II. ИЗ ЕГО ПРЕДКОВ самым знаменитым был Сой, в царствование которого спартанцы обратили илотов в рабство и присоединили к своим владениям значительную часть Аркадии. Говорят, Сой, окруженный однажды клиторцами в неудобной для сражения и безводной местности, предложил им заключить мир и возвратить завоеванную у них землю, если они позволят ему и всему его войску напиться из ближайшего источника. Мир был заключен под клятвою. Тогда он собрал свое войско и обещал отдать престол тому, кто не станет пить. Но никто не мог побороть себя, все утолили жажду, только один царь, спустившись вниз на глазах всех, лишь плеснул на себя водой в присутствии неприятелей. Он отступил, но не вернул завоеванной им земли, ссылаясь на то, что «не все пили».

Несмотря на все уважение к нему за его подвиги, его род называли не его именем, а Эврипонтидами, по имени его сына: вероятно, Эврипонт, заискивая перед народом, желая приобрести любовь черни, поступился частью своих прав неограниченного монарха. Вследствие этих послаблений народ поднял голову. Следующие затем цари были или ненавидимы народом за свою строгость по отношению к нему, или становились предметом насмешек за свою уступчивость и слабохарактерность, поэтому в Спарте долго царили безначалие и смуты, жертвами которых пал и царь, отец Ликурга. Желая разнять драку, он был ранен кухонным ножом и умер, оставив престол своему старшему сыну, Полидекту.

III. КОГДА вскоре скончался и Полидект, все считали законным наследником престола Ликурга, и действительно, он правил государством, пока ему не сказали, что его невестка беременна. Узнав об этом, он объявил, что, если новорожденный окажется мальчиком, он передаст престол ему, лично же будет управлять государством в качестве опекуна. Опекунов сирот-царей спартанцы называли «продиками».

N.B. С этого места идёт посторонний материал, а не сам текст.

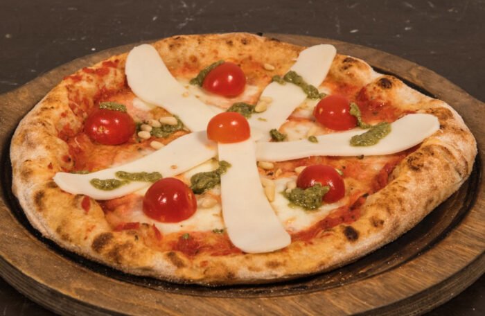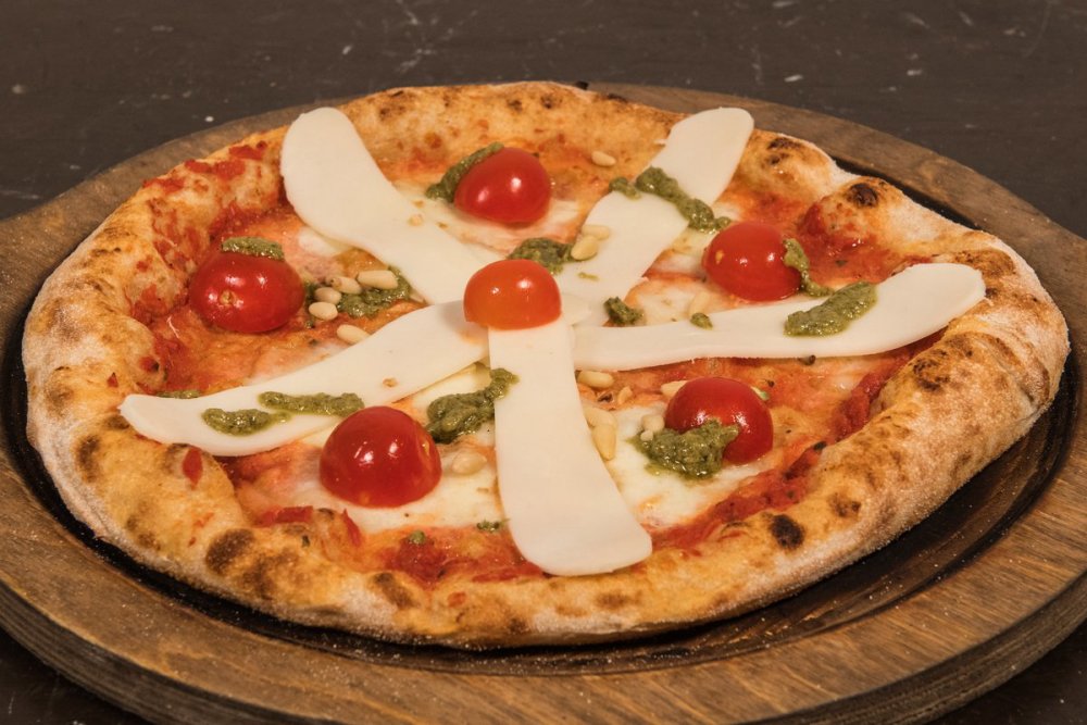 Salsa di pomodoro 100% italiano, Mozzarella di Latte vaccino, Pomodoro ciliegino, Vastedda del Belice, Pesto di basilico, Pinoli, Olio extravergine d'oliva BIO Sicilia
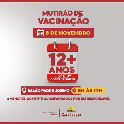 CARINHANHA – Adolescentes com idade a partir de 12 anos já podem se vacinar em Carinhanha, na próxima segunda-feira (8). O mutirão acontece das 08h às 17, no Salão padre Josimo.
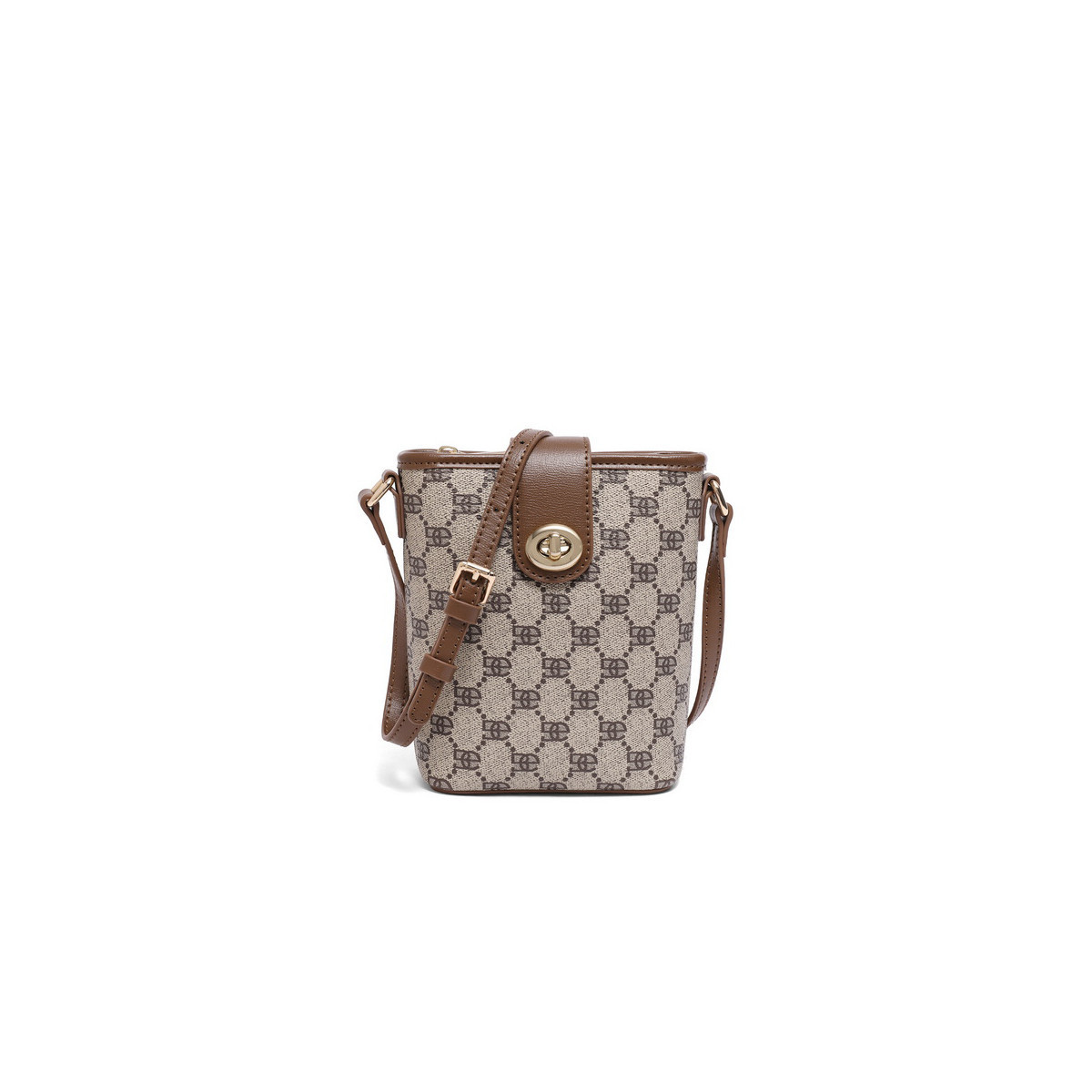 【经典百搭】百丽复古老花休闲斜跨手机包单肩斜挎轻便小巧水桶包 411674
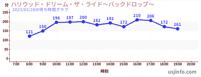 • ハリウッド・ドリーム・ザ・ライド〜バックドロップ〜$B$N(B2023年03月28日の待ち時間
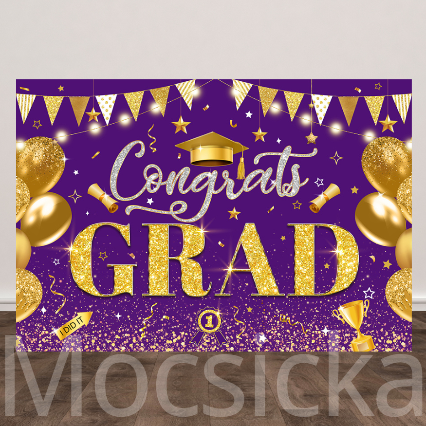 Mocsicka 'Royal Purple & Gold Grad Fiesta' Backdrop for Graduation
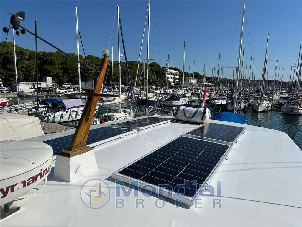 Notas internasCabina armatoriale a poppa tutto baglio con due letti singoli e bagno; doccia separata comunicante con bagno cabina ospiti; Cabina ospiti doppia poppavia; Cabina ospiti doppia a prua con bagno e box doccia. Notas de la instrumentaciónVHF, plotter GPS, Autopilota, Radar, Bussola, Tridata, Strumento del vento, Faro.Generatore Onan 9kW, Caricabatterie, Inverter, Batterie n.5x12V Notas de armamentoSalpancora elettrico.Boiler, 3 wc elettrici, Serbatoio acque nere, Radio/CD, Altoparlanti esterni, Aria condizionata/Riscaldamento, Frigorifero, Congelatore, Cucina, Forno, Cappa aspirante. Bimini, Tendalino di poppa, Cuscineria di prua e di poppa, Tavolo pozzetto, Tergicristalli, 2 Docce esterne, Scaletta bagno, Piattaforma bagno, Passerella, Gruette Tender, Tender 3,20mt, FB Honda 20hp. |
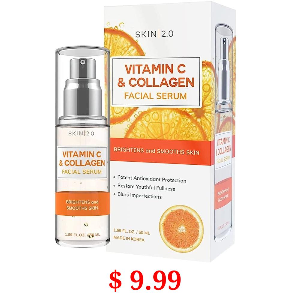 $ 9.99 Vitamin C Serum With Collagen - Korean Skin Care Face Serum for Dark Spots & Skin Brightening - Anti Aging & Acne Facial Serum - Cruelty Free Vegan Skincare For All Skin Types - 1.69Fl. oz by Skin 2.0
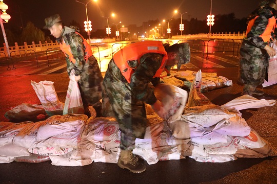 7月31日上午,北京市昌平區(qū)北沙河水位暴漲,南側(cè)大堤出現(xiàn)決口,上千名群眾被困。中部戰(zhàn)區(qū)空軍某部啟動應(yīng)急預(yù)案,組織出動10余臺車輛,攜帶救援物資奔赴受災(zāi)地區(qū)。到達(dá)現(xiàn)場后,官兵裝填沙袋、在水中搭人墻減緩水流,同時迅速開展排查搜救,轉(zhuǎn)移受災(zāi)群眾。通過與地方政府密切配合,排查受災(zāi)居民數(shù)百戶,轉(zhuǎn)運群眾近400人。
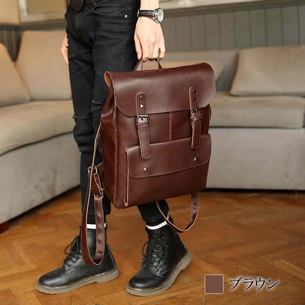 ベルト使いがクラシカルな印象のフェイクレザーバックパック。

Между тем вдовствующая царица завела с ним тайные сношения и говорила, что готова вытравить свой плод, чтобы выйти замуж за него, когда он будет царем. Ликург ужаснулся ее жестокости, но не ответил отказом на ее предложение, сказал, что он в восторге от него, ничего против не имеет, только советует ей не вытравлять плода, беречь себя, не губить своего здоровья приемом сильнодействующих средств и объявил, что постарается убить ребенка тотчас же после его рождения. Таким образом ему удалось обмануть царицу, пока ей не пришло время разрешиться от бремени. Когда он заметил, что роды близки, он отправил во дворец нескольких человек в качестве свидетелей разрешения ее от бремени, а также для надзора за ней, приказав им в случае рождения девочки передать ее женщинам, мальчика принести к нему, что бы он ни делал. Царица родила. В это время он сидел за обедом вместе с высшими сановниками. Рабы явились к нему с малюткой на руках. Он взял его и обратился к присутствующим со словами: «Вот, спартанцы, ваш царь!» Он положил его на трон и назвал Харилаем, так как все радовались и приходили в восторг от его великодушия и справедливости. Ликург царствовал всего восемь месяцев, но успел заслужить глубокое уважение от своих сограждан. Ему повиновались не только по одному тому, что он был царским опекуном и имел в руках верховную власть, большинство охотно исполняло его приказания, слушалось его из уважения к его нравственным качествам. Но у него были и завистники, старавшиеся помешать успехам молодого человека, главным образом родня и приближенные матери-царицы, считавшей себя оскорбленной. Брат ее, Леонид, позволил себе однажды кровно обидеть его, сказав, между прочим, что он отлично понимает, рано или поздно, только Ликург будет царем, желая этим навлечь подозрение на Ликурга и заранее оклеветать его как заговорщика, если с царем случится какое-либо несчастье. Подобного рода слухи распускала и царица. Глубоко оскорбленный и не желавший подвергаться случайностям, Ликург решил покинуть родину, отклонить от себя подозрения и пробыть в путешествии до тех пор, пока его племянник подрастет и будет иметь наследника.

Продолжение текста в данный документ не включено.